**What you are asked to do**: When you copy the material below, keep every line exact and leave each picture out.

**Provided material**:
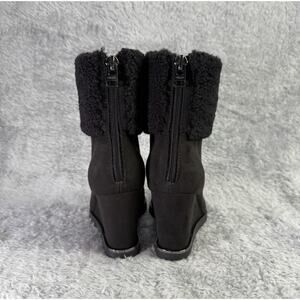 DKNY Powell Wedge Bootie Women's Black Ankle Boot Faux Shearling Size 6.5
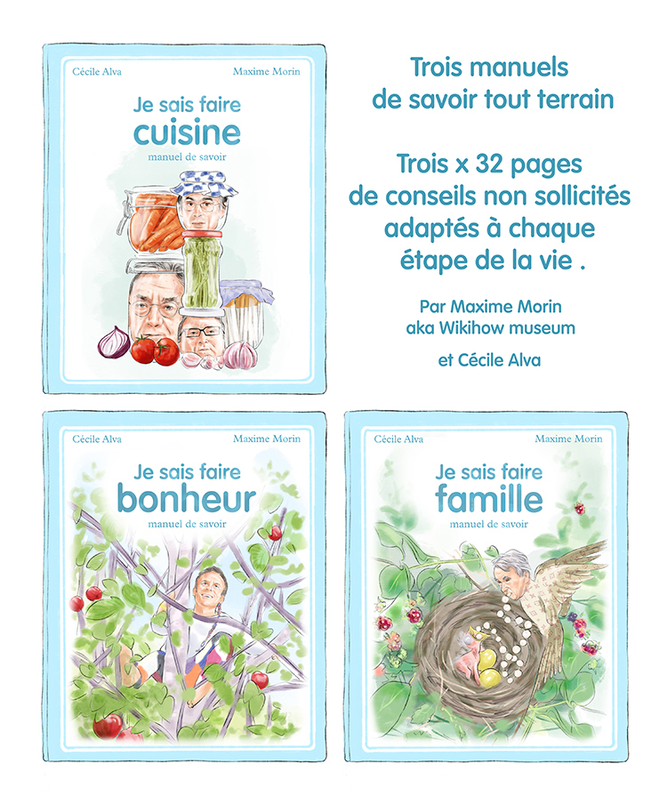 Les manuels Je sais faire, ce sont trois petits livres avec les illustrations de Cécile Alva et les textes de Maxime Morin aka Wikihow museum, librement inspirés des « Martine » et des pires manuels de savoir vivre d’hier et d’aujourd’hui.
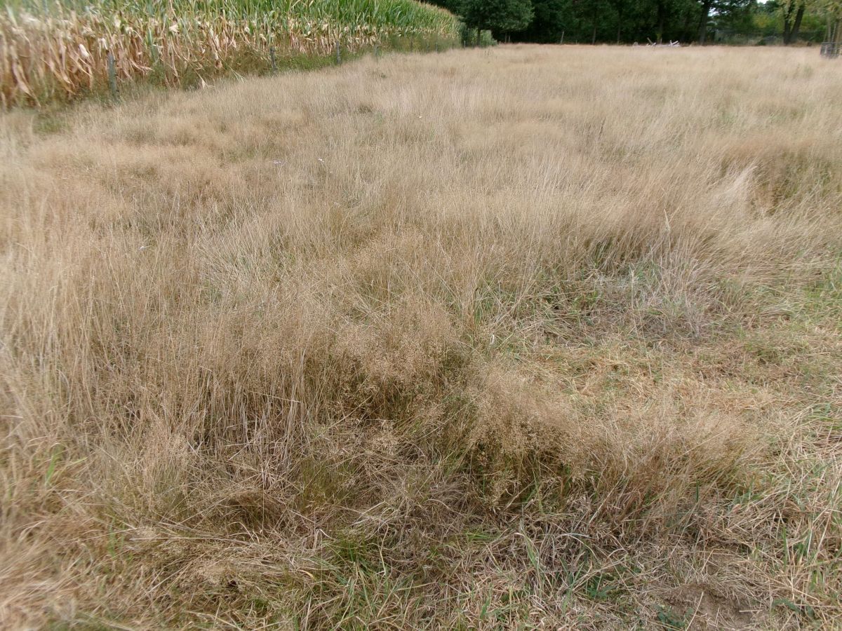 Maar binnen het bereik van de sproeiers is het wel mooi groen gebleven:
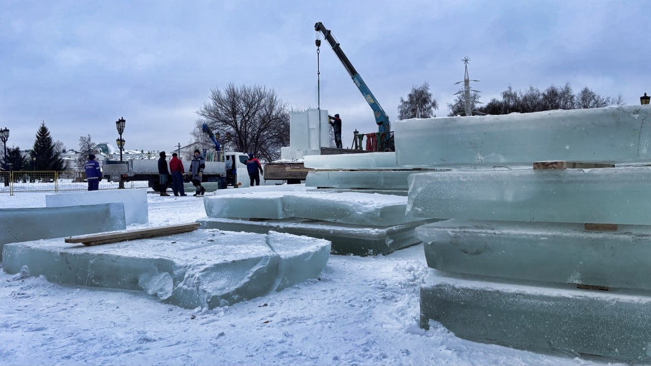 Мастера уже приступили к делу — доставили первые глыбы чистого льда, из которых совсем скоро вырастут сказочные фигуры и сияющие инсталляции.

**Result for this exercise**:
 DKNY Powell Wedge Bootie Women's Black Ankle Boot Faux Shearling Size 6.5
 Les manuels Je sais faire, ce sont trois petits livres avec les illustrations de Cécile Alva et les textes de Maxime Morin aka Wikihow museum, librement inspirés des « Martine » et des pires manuels de savoir vivre d’hier et d’aujourd’hui.
 Maar binnen het bereik van de sproeiers is het wel mooi groen gebleven:
 Мастера уже приступили к делу — доставили первые глыбы чистого льда, из которых совсем скоро вырастут сказочные фигуры и сияющие инсталляции.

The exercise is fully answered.